Her hair is loose, and she glances down, letting it fall in front of her face.

‘I don’t. I don’t usually.’ She hesitates and her throat works through a swallow.

For a second, she veers towards anger or defiance, and then abruptly she says, ‘Someone’s posted a picture of Charlie in Switzerland.

I was just trying to see if they were right.

’ She hesitates then flips open the laptop, leans back and crosses her arms tightly, as if she is trying to stop something from bursting from her chest. ‘Do you think it’s him? ’

It’s an amateur snap, probably from a phone, and the man in the photo is turning away, either intentionally or by accident, so it’s only a part of his profile. But it’s enough to make out the shape of the head and the blond hair. It looks like Charlie. And yet…

I lean in closer, and as I do so my eyes drift from the screen to the neckline of her dressing gown. Whatever she is wearing underneath, it is cream-coloured and edged with lace, and my brain starts suggesting in far too much detail what it would look like if Hennessy took off that robe…

Blanking my mind to the unsettling array of images unspooling inside my head, I straighten up. ‘I’m not sure. It could be. But it could also be Michael, the sandwich guy.’

She nods slowly, and her shoulders dip a little, either with relief or despair.

It’s hard to read her expression. She is wearing that mask, the one she presents to the world, to me, whenever anyone gets close to the tripwire of her family and her feelings.

Because I am starting to understand that Hennessy Wade is not just one person.

She’s not just the spoiled heiress who selfishly pursues her own agenda and the hell with the consequences.

Which is why I suddenly decide to cross the line.

‘Are you worried about him?’

Her eyes meet mine. I see her confusion, and I’m confused too by my previous resistance to the idea that she might be worried about Charlie. But then, she seemed so blasé about his disappearance.

‘He’s never been gone this long before without contacting me.’

Now I’m more confused. I thought she and Charlie were thick as thieves. Are his absences a regular thing?

‘Those photos of you outside the office look pretty intense,’ I say, pointing to a drone-shot of the paparazzi crowding around Hennessy, my body tensing at the memory of how I found her, pinned against the glass. ‘I’m sure when he sees them, he’ll get in touch.’

Am I sure of that? Losing my parents so close together and so young upended my world, but it also made me aware of how fragile life is, how vulnerable humans are.

That’s why I’ve built this life. Why I have so many checks and measures in place to protect Antony.
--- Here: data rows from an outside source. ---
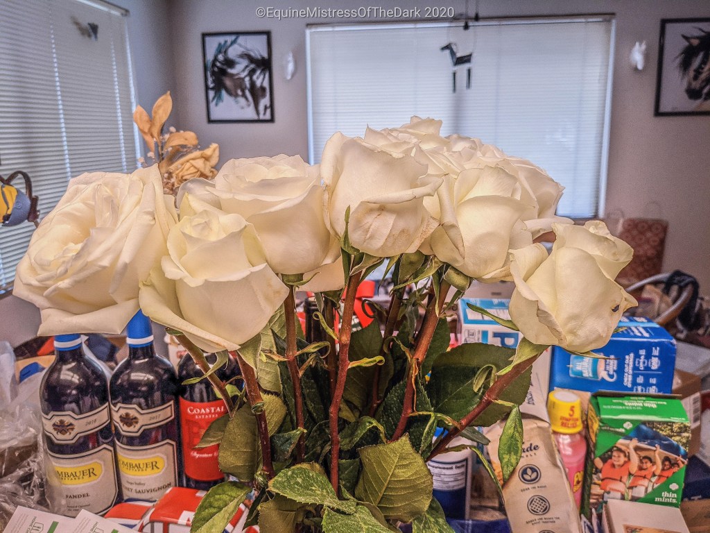 I got to the grocery store okay. It was kind of busy, but I was closer to 8 then I was to 7 when I got there. I listened to music and walked around gathering what we needed. Then I went over to my parents house and said hi to a very happy Gucci. He had molasses all over his nose from his grain. I gave him a couple of carrots and then I went inside.
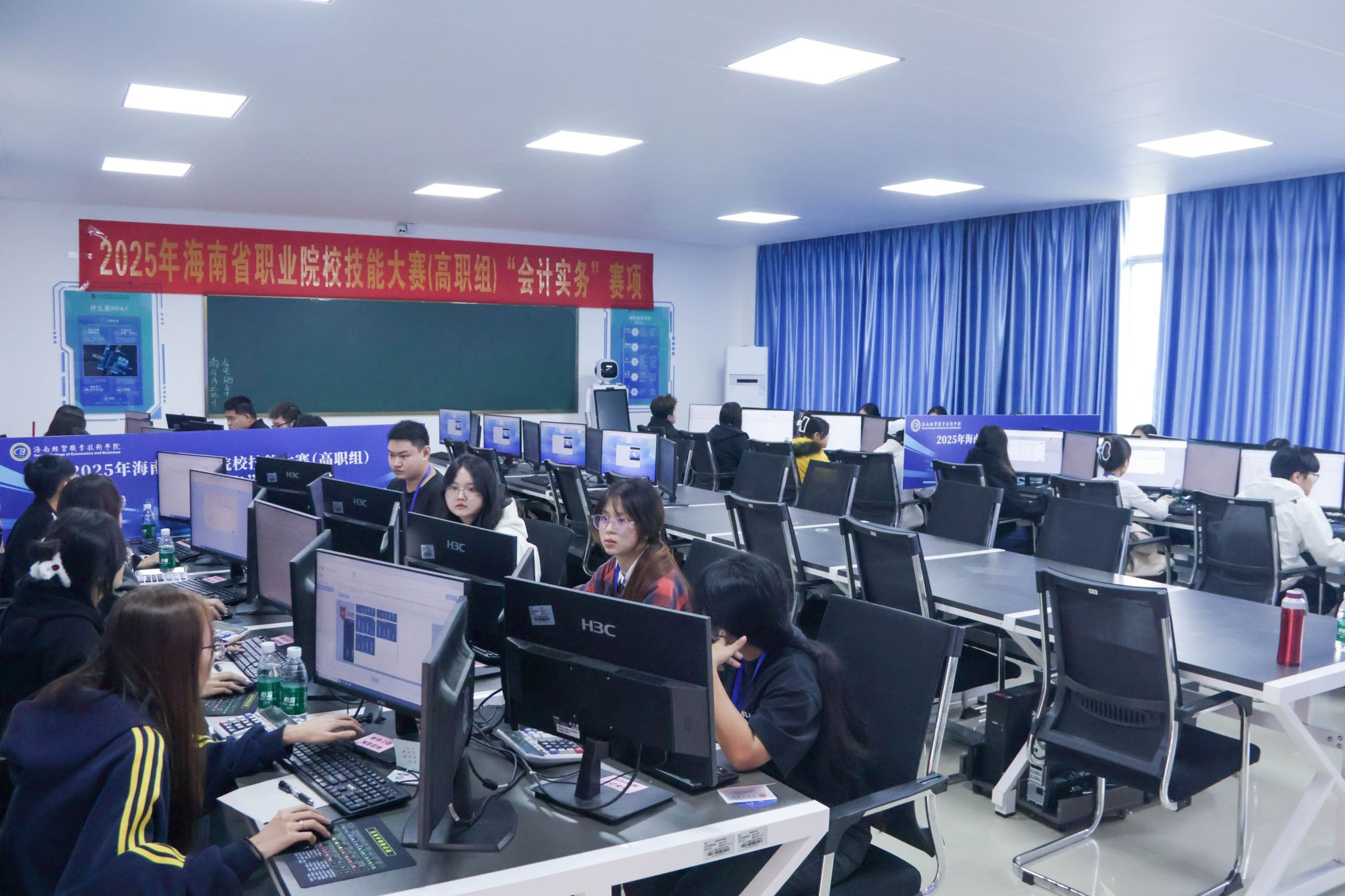 2025年海南省高等职业院校技能大赛由省教育厅、省人力资源和社会保障厅共同主办,beat365英国官网网站承办机电一体化技术、智能网联汽车技术、大数据应用开发、云计算应用、智慧金融、会计实务、互联网+国际经济与贸易、酒店服务、酒水服务、烹饪、环境艺术设计等11个赛项。海经贸300名选手组建106支队伍参加本次大赛直播电商等34个赛项。
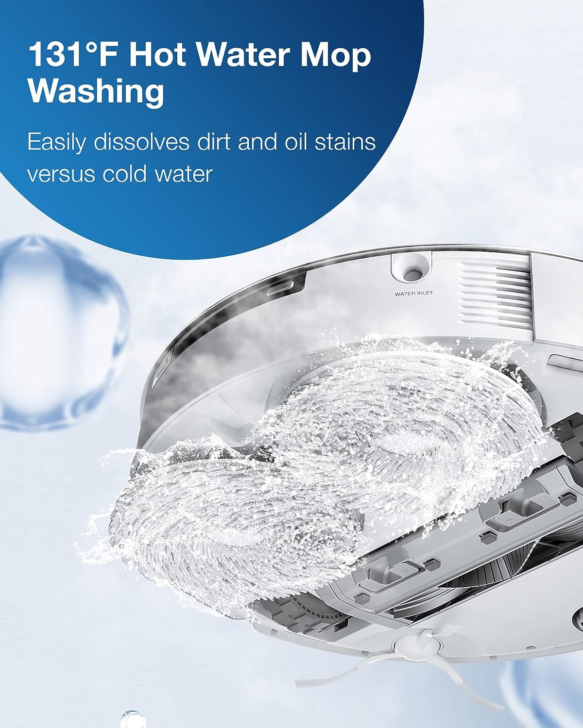 Industry's First Robot Vacuum and Mop Cleaner with Hot Water Mop Washing. T20 OMNI washes the mop with 131℉ hot water to dissolve oil and dirt and dries it with hot air. Bringing the heat to the cleaning game.
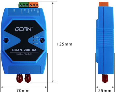 GCAN-208-S系列模塊支持點(diǎn)對點(diǎn)的連接方式,模塊兩端波特率一致,無需任何設(shè)置即可直接通信,通信波特率5Kbps~500Kbps,收到接入設(shè)備數(shù)據(jù)包按位直接轉(zhuǎn)發(fā),沒有任何緩存,只是在物理層轉(zhuǎn)換,電轉(zhuǎn)光,光轉(zhuǎn)電。

I know he thinks I am over-protective, but I can’t lose him as well. I will do anything to keep him safe.

So where is Charlie Wade? I can’t understand why he isn’t here with Hennessy, or why he hasn’t texted or called. Could something have happened to him? I’m not even his father but my brain is hard-wired to feel that I need to take care of Antony.

‘Sorry.’

A low rumbling dams the current of my thoughts mid-flow, and I glance down to where Hennessy is clutching her stomach. ‘Are you hungry?’ I frown as, in answer to that question, her stomach rumbles again. ‘Why didn’t you say? Simonetta would have made you something.’

‘It’s fine. I can wait until breakfast. I don’t need you dragging her out of bed now.’

‘I wasn’t going to.’ I shake my head. ‘I’m not an ogre, Hennessy. Do you eat eggs?’

Her violet gaze flickers over my face.

‘It’s a simple enough question.’

As she nods, I reach for a pan.

‘What are you making?’

‘Uova strapazzate: scrambled eggs.’

She surprises me by getting to her feet and coming to stand next to me. I feel something pinch under my ribs. Antony used to watch me cook when he was younger, and it reminds me that he and Hennessy are the same age.